📂 Diseases
cerebral folate receptor alpha deficiency — Definition
Serebral folat reseptör alfa eksikliği / cerebral folate receptor alpha deficiency
Cerebral folate receptor alpha deficiency is a rare neurometabolic disease caused by mutations in the FOLR1 gene, which plays a critical role in folate transport in the brain. This condition negatively affects neurological development by leading to low levels of folate in the brain fluid. Clinical findings include epilepsy that begins in infancy, developmental regression, hypotonia, ataxia, and progressive neurological deterioration. Folinic acid supplementation in treatment can alleviate symptoms but cannot completely stop the progression of the disease.
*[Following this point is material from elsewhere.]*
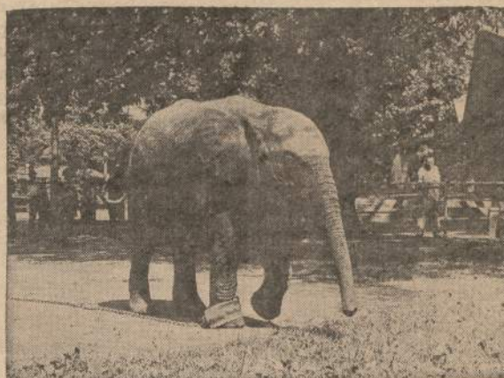
Dramblinė Elka prižiūri parkuose švara ir tvarką

Chicago parkų vadovybė prie aukščiau dėdamo atvaizdo padėjo tokį parašą: "Lindolno parko zoologijos daržo Elka — dramblė — štai ką sako: — Jums nėra reikalo turėti tokią gerą atmintį kaip mano, kad žinotumėte, jog visada reikia parkus ir paplūdimius švariai užlaikyti. Ar žinote, kad piknikų ir maudymosi sezonas kaštuoja apie $126,000 vien už atmatų nuvalymą ir pašalinimą. Tų išlaidų būtų galima išvengti, jei žmonės parkuose ir paplūdimiuose visas atmatas sumestų į tam tiksliai pastatytas statines.

Frequently Asked Questions
❓ What is Serebral folat reseptör alfa eksikliği?
Serebral folat reseptör alfa eksikliği; cerebral folate receptor alpha deficiency is a rare neurometabolic disease caused by mutations in the FOLR1 gene, which plays a critical role in folate transport in the brain. This condition negatively affects neurological development by leading to low levels of folate in the brain fluid. Clinical findings include epilepsy that begins in infancy, developmental regression, hypotonia, ataxia, and progressive neurological deterioration. Folinic acid supplementation in treatment can alleviate symptoms but cannot completely stop the progression of the disease.
❓ What is cerebral folate receptor alpha deficiency in Turkish?
The Turkish equivalent of "cerebral folate receptor alpha deficiency" is Serebral folat reseptör alfa eksikliği.
❓ Which medical field is Serebral folat reseptör alfa eksikliği related to?
This term belongs to the Diseases category.